After looking over the car and doing some research, we realized that our engine swap would be a weekend project. We also learned that some states will allow you to upgrade your engine, but some states, like California, have the most restrictions. Fortunately, this tech was being done on an Arizona car, and thanks to the state’s rolling smog law, we were able to legally replace the engine with this newer replacement motor. Before attempting this at home, you should also make sure that you could do this repair without raising too many eyebrows in your neighborhood.
When we started off on this piece, we figured that we would take an affordable G-body (in this case a Buick Regal) and show you how to update the drive train with something more affordable and easier to work on. We called Summit Racing and ordered everything that we thought we needed for our engine swap. Now see how this weekend project unfolds, as we install a new Summit Racing/Holley engine into this ‘84 Regal.
1. This ’84 Regal was ready for a small-block 350.
2. We started off by disconnecting the battery. This should help prevent sparks and the ground out of any components.
3. The old engine was disassembled, leaving it ready to get pulled out.
4. You are going to have to disconnect the exhaust manifolds and the transmission, so it will require you to access the engine from under the car.
5. The exhaust needed to be disconnected to access the motor mounts.
6. Using a dedicated catch pan, we removed the antifreeze giving us the option to re-use the antifreeze if it was still good and we wanted to do so.

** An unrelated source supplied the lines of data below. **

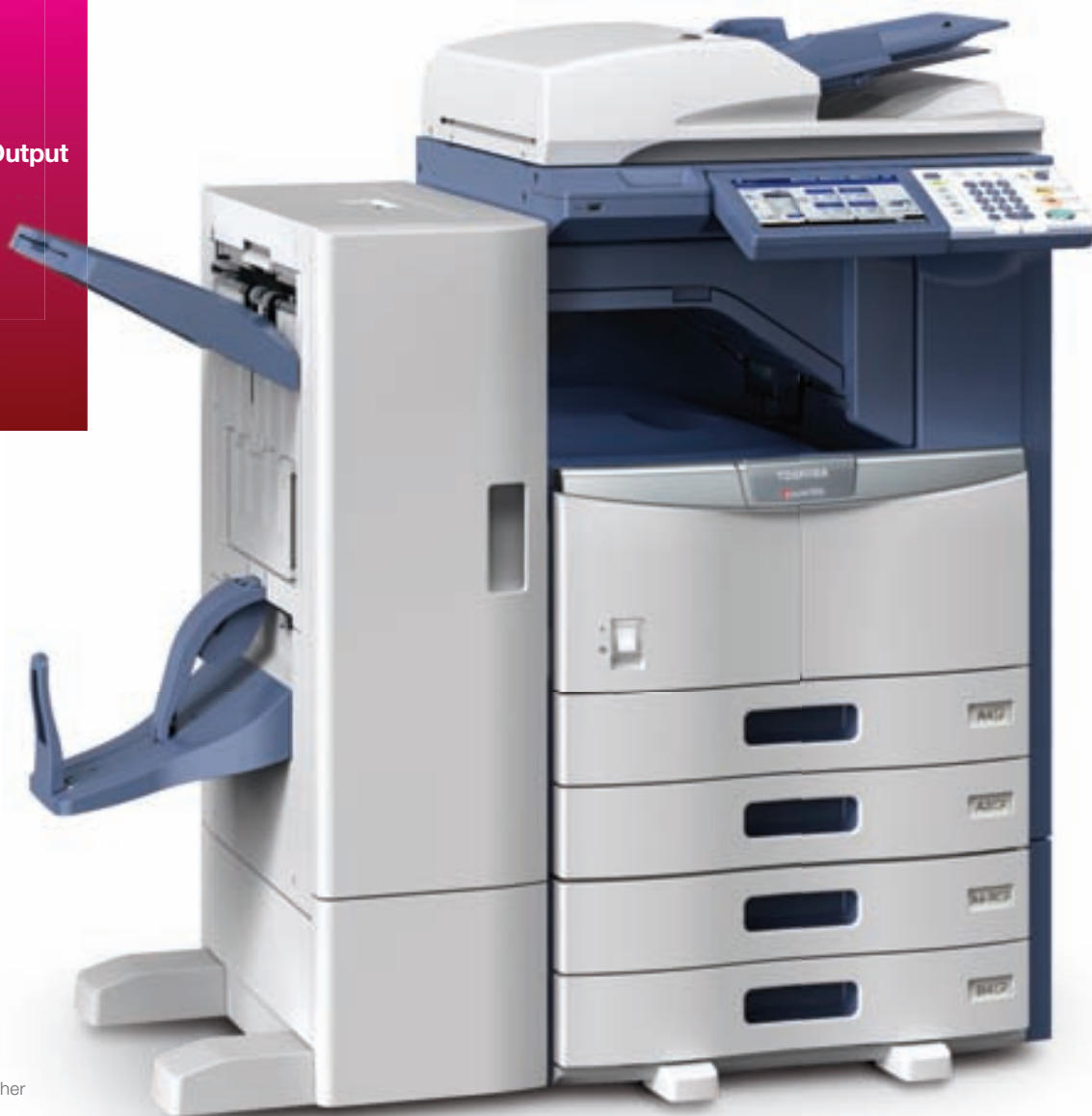
e-STUDIO306 with Saddle-Stitch Finisher
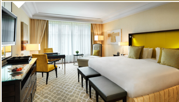
46 SUPERIOR ROOMS (40 sqm)
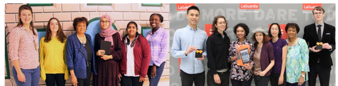
2019 Competition Winners
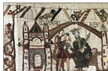
Harold is crowned King of England on 6th January 1066
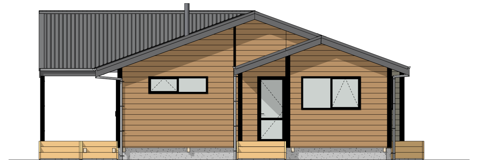
Elevation D 1:75
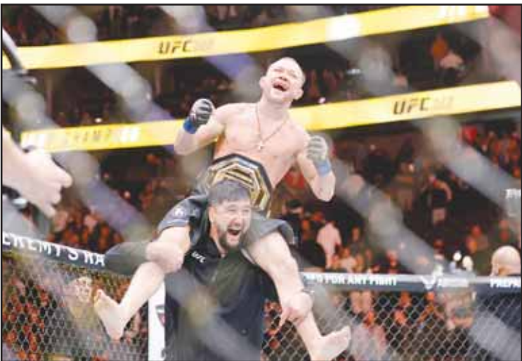
Petr Yan celebrates with a member of his team after defeating UFC bantamweight champion Merab Dvalishvili during UFC in Las Vegas.

LAS VEGAS, Dec 7, Petr Yan stunned Merab Dvalishvili with a dominating effort to capture the bantamweight championship by unanimous decision at UFC 323. With punishing strikes and several crushing kicks to the rib cage, Yan (20-5) ended Dvalishvili's 14-match winning streak. "I'm very happy to stand here with the championship belt, thank you to all the fans," Yan said, through an interpreter. "I worked so hard, I prepared so hard for this moment." Dvalishvili (21-5) hadn't lost since April 21, 2018, when Ricky Simon won by submission. It was his fourth title match of 2025. Yan exacted revenge for his last loss when Dvalishvili defeated the 32-year-old by unanimous decision on a UFC Fight Night card on March 11, 2023. Dvalishvili, 34, closed a -425 favorite, which meant a better laid $425 to $100 at BetMGM. Anyone wagering $100 on Yan would have won $320. "I lost today," Dvalishvili said. "Congratulations to him." In the co-main event, challenger Joshua Van won the flyweight belt from former champion Alexandre Pantoja with a TKO just 26 seconds into the first round after a quirky finish. In what appeared to be a freak accident, Pantoja (30-6) injured his left shoulder just after throwing a right roundkick to Van's head. But as Van (16-2) blocked the kick, Pantoja used his left arm to brace his fall, but his arm buckled, and he
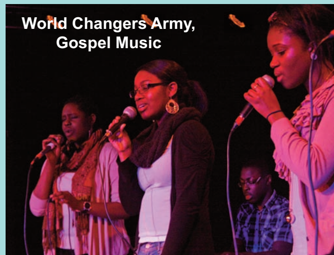
World Changers Army, Gospel Music

Jazba Entertainment had the difficult job of pulling it all together, not least, dealing with Birmingham City Council. Childrens Performance department, which resulted in cancelling one event.
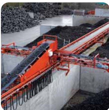
Recycling | Portugal
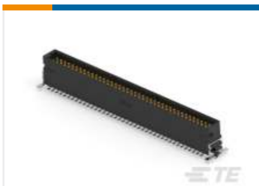
TE Part #244858-E SMCQ 80 M AB VV 8-03 CL * H007 137 E005
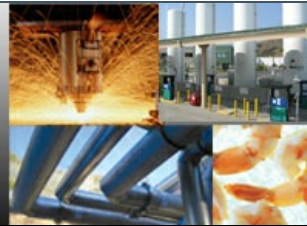
CHART INC. INDUSTRIAL GAS NEWSLETTER

7. On this particular car we were able to keep the hood lined up by unbolting the hood shocks towers allowing us to hold the hood straight up. This gave us much room to allow the engines to be removed and installed without obstacles.
8. When holding your hood up, make sure not to over stretch the hood as you can easily crack the windshield if the hood touches the glass.
9. To help avoid getting fluids on the ground we used a zip lock bag and tie strap; which will help catch some of the fluids while you remove the engine.
10. With everything loosened, the old engine came out with ease.
11. The engine compartment was ready to receive its new small block.
12. Since we didn’t know which holes on the frame would line up with the motor mounts in place, we bolted the motor mounts to the engine, allowing us to center the engine in the right place.
13. One of the last steps before dropping in the engine is to install the flywheel that will bolt up to the 200R transmission.
14. For this install, we opted to use a carb mount engine lift plate to help keep the engine level.
15. This engine just needed some guidance and should be connected to the transmission once it is lined up.
16. The AC lines were reconnected and the system was ready to be recharged.
17. This Holley carb was ready to help the small block run.
18. The engine was in and only needed a few things to make it run.
19. Having everything on hand from Summit Racing made this weekend project easy.